OTTAWA, ON (May 10, 2018): When the latest Canadian job numbers come out tomorrow everyone will focus on the unemployment rate, but should they? According to MLI Munk Senior Fellow Philip Cross, an obsessive focus on the unemployment rate has given Canadians a distorted view of the economy and labour market.
Cross, author of the new MLI report: “The Truth About the Unemployment Rate” notes that the unemployment rate in Canada is currently the lowest it has been since 1976 when records began. “At the same time”, says Cross “both the federal and provincial governments are running large deficits, citing the need for fiscal stimulus, and a wide range of other economic indicators remain lacklustre. Clearly there is a disconnection here.”
In recent years, the unemployment rate has become an incomplete and misleading reflection of how the labour market and the economy are faring. While unemployment is low, our aging population is leading to more people retiring from the labour force at the same time as youths are also withdrawing because their job opportunities are squeezed by a weak economy and government policies. Faced with often bleak job prospects, many are simply staying in school. With fewer older and younger people in the labour force, the unemployment rate is bound to be lower, but this isn’t necessarily good news for the economy.

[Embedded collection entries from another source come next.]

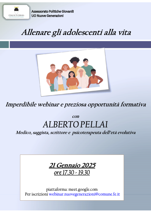 E ‘necessaria l’iscrizione inviando una mail di adesione a: webinar.nuovegenerazioni@comune.fe.it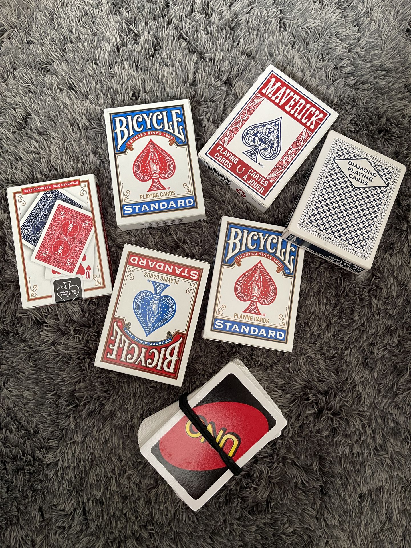 6 Pack New Playing Cards & Used UNO Deck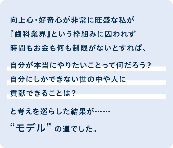 しかし、新型コロナウイルスが猛威を振るい始めたころ、その影響により歯科衛生士としてのお仕事や自分のやりたいことが制限されてしまった中で、自分自身を見つめ直す時間が増えました。
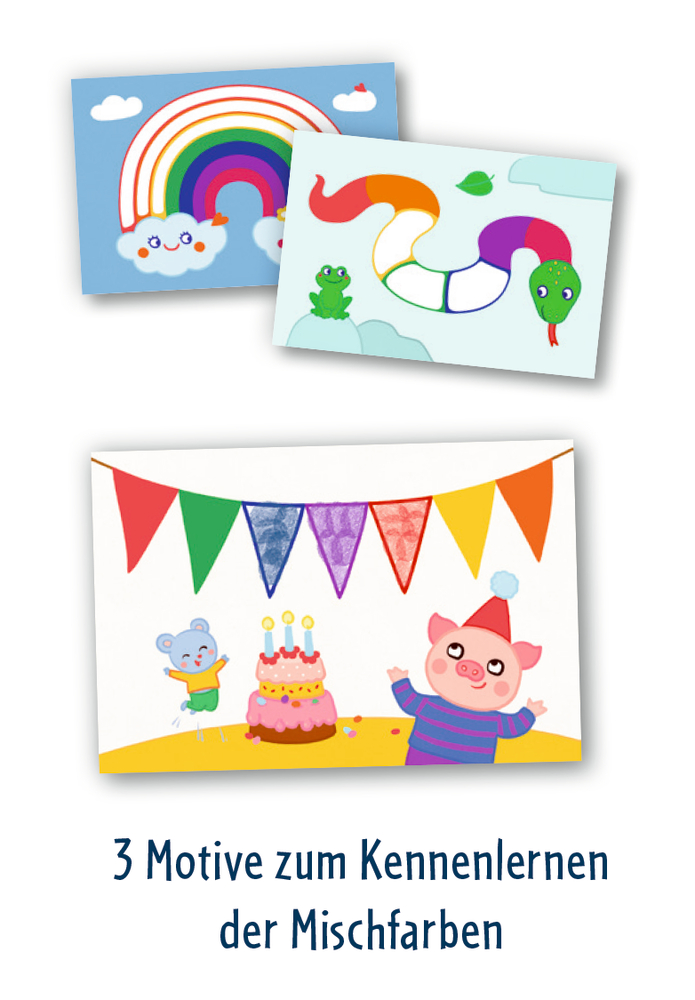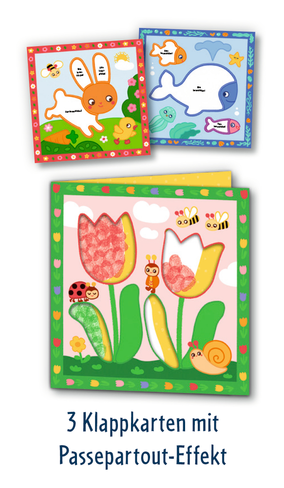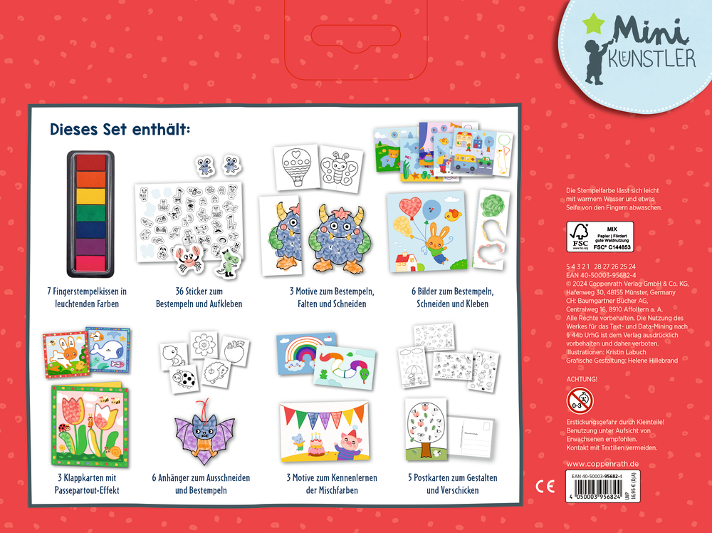 Dieses große Bastelset für Kindergartenkinder enthält 7 Fingerstempelfarben, 36 Sticker zum Bestempeln und Aufkleben, 3 Motive zum Bestempeln, Falten und Schneiden, 6 Bilder zum Bestempeln, Schneiden und Kleben, 3 Klappkarten mit Passepartout-Effekt, 6 Anhänger zum Ausschneiden und Bestempeln, 3 Motive zum Kennenlernen der Mischfarben und 5 Postkarten zum Gestalten und Verschicken.

After considering a wide range of measures, Cross finds the best alternative to the unemployment rate is the employment rate for workers in their prime, between 25 and 54 years of age. This group has had relatively stable labour force participation rates since 2000, is closely related to the overall business cycle, and is less susceptible to demographic forces.
The latest reading of the employment rate for workers in their prime was 82.5 percent holding a job in March 2018. While this represents a relatively high level by historical standards, equalling the peak set in early 2008 before the recession, it has declined slightly from its recent high of 82.7 in December 2017. This is a reflection of how growth has slowed in recent months, even as the unemployment rate has remained near all-time lows.
Following this paper, the Macdonald-Laurier Institute will be issuing a regular analysis that goes beyond the superficial unemployment numbers to see what the trends are really telling us about the nature of work, job precariousness, disruption in the labour economy, and Canadians’ prosperity in the future.
Philip Cross is a Munk Senior Fellow with the Macdonald-Laurier Institute. He is former chief economic analyst with Statistics Canada.
The Macdonald-Laurier Institute is the leading independent federal public policy think tank in Ottawa.